結論的には、1人社長だけに役員報酬を支払う場合と比べて①税金総額は安くなり、②全額報酬で支払って税金総額が安く収まる「法人利益」の上限は上昇します。
- 1人社長以外に、奥様が役員として勤務している。
- 所得控除は社長100万円、奥様50万円あるものとする。
- 法人税は、実効税率21%で計算する(均等割は無視)。
- 簡便的に、住民税率は課税所得 × 10%で算定する。
- 簡便的に、個人事業税は無視する。
(1) 法人利益(役員報酬差引前) 600万円の場合
法人の利益/ 社長の報酬 奥様の給与 |
法人300万 社長150万 奥様150万 |
法人200万 社長200万 奥様200万 |
法人100万 社長250万 奥様250万 |
法人利益0円 社長300万 奥様300万 |
---|---|---|---|---|
法人税 | 63万円 | 42万円 | 21万円 | 0円 |
所得税(社長) | 0円 | 5万円 | 11万円 | 16万円 |
所得税(奥様) | 8万円 | 13万円 | 18万円 | 23万円 |
合 計 | 71万円 | 60万円 | 50万円 | 39万円 |
- 法人利益をゼロにし、利益部分は全額報酬で支払う方が税金総額は安くなる。
- 1人社長に全額払する場合と比べて、配偶者と折半する方が税金総額は安くなる。
(2) 法人利益(役員報酬差引前) 700万円の場合
法人の利益/ 社長の報酬 奥様の給与 |
法人300万 社長200万 奥様200万 |
法人200万 社長250万 奥様250万 |
法人100万 社長300万 奥様300万 |
法人利益0円 社長350万 奥様350万 |
---|---|---|---|---|
法人税 | 63万円 | 42万円 | 21万円 | 0円 |
所得税(社長) | 5万円 | 11万円 | 16万円 | 21万円 |
所得税(奥様) | 13万円 | 18万円 | 23万円 | 29万円 |
合 計 | 81万円 | 71万円 | 60万円 | 50万円 |
- 同上
(3) 法人利益(役員報酬差引前) 800万円の場合
法人の利益/ 社長の報酬 奥様の給与 |
法人300万 社長250万 奥様250万 |
法人200万 社長300万 奥様300万 |
法人100万 社長350万 奥様350万 |
法人利益0円 社長400万 奥様400万 |
---|---|---|---|---|
法人税 | 63万円 | 42万円 | 21万円 | 0円 |
所得税(社長) | 11万円 | 16万円 | 21万円 | 27万円 |
所得税(奥様) | 18万円 | 23万円 | 29万円 | 36万円 |
合 計 | 92万円 | 81万円 | 71万円 | 63万円 |
- 同上
(4) 法人利益(役員報酬差引前) 1,200万円の場合
法人の利益/ 社長の報酬 奥様の給与 |
法人300万 社長450万 奥様450万 |
法人200万 社長500万 奥様500万 |
法人100万 社長550万 奥様550万 |
法人利益0円 社長600万 奥様600万 |
---|---|---|---|---|
法人税 | 63万円 | 42万円 | 21万円 | 0円 |
所得税(社長) | 34万円 | 42万円 | 50万円 | 59万円 |
所得税(奥様) | 44万円 | 52万円 | 62万円 | 74万円 |
合 計 | 141万円 | 136万円 | 133万円 | 133万円 |
- 法人利益(役員報酬差引前)が1,200万円程度を超えてくると、法人に若干利益を残した方が、税金総額は安くなる。
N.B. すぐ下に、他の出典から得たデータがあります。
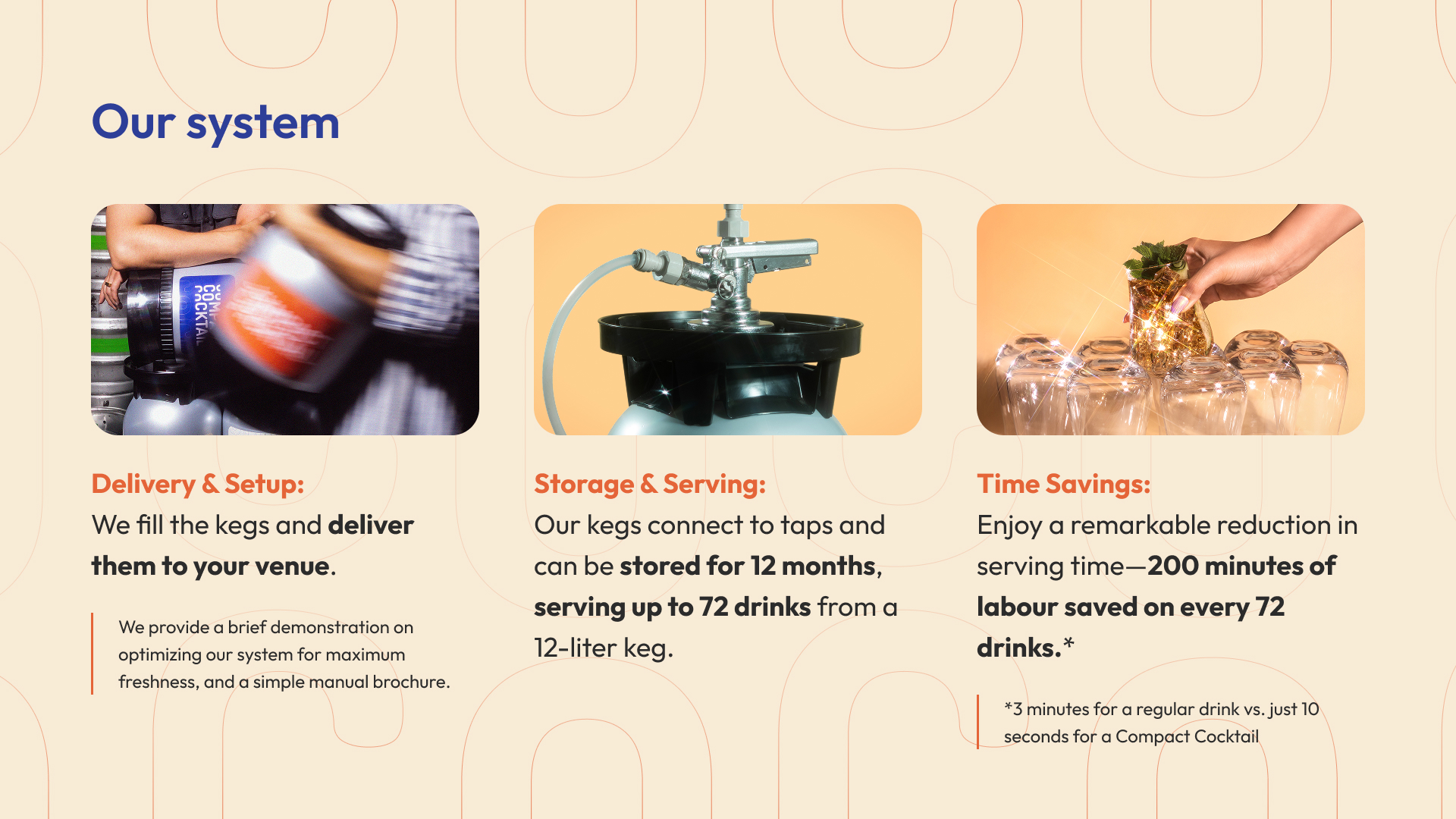 With the identity in place, I built the website, sales deck, and visuals around a simple story — Plug. Pour. Serve. — making it easy for bars and distributors to understand the system at a glance.

- 1人社長に全額払する場合と比べて、配偶者と折半する方が税金総額は安くなる。
(5) 結論
配偶者に報酬を支払う場合は、1人社長に全額報酬を支払う場合と比較して、以下の結論が得られました。
- 全額報酬で支払っても税金総額が安く収まる法人利益(役員報酬差引前)の上限は上昇する(1人社長のみの場合600万円 ⇒ 配偶者折半の場合1,200万円)。
- 所得分散効果により、家族全体の所得税総額は安くなる。
5. 注意点
あくまで今回は、役員報酬が与える「税金」へのインパクトの論点に絞っています。
前回お伝えした通り、役員報酬の額は、社会保険にも影響します。
前回、社会保険の費用対効果の観点では、「役員報酬金額は少ないほうが効果的」という結論になりましたので・・それとの比較になります。
難しいですね・・
結論的には、「高すぎず、安すぎず、生活できるレベルでそこまで高くない役員報酬の設定で、社会保険と税金を抑える」というくらいが無難ではないでしょうか。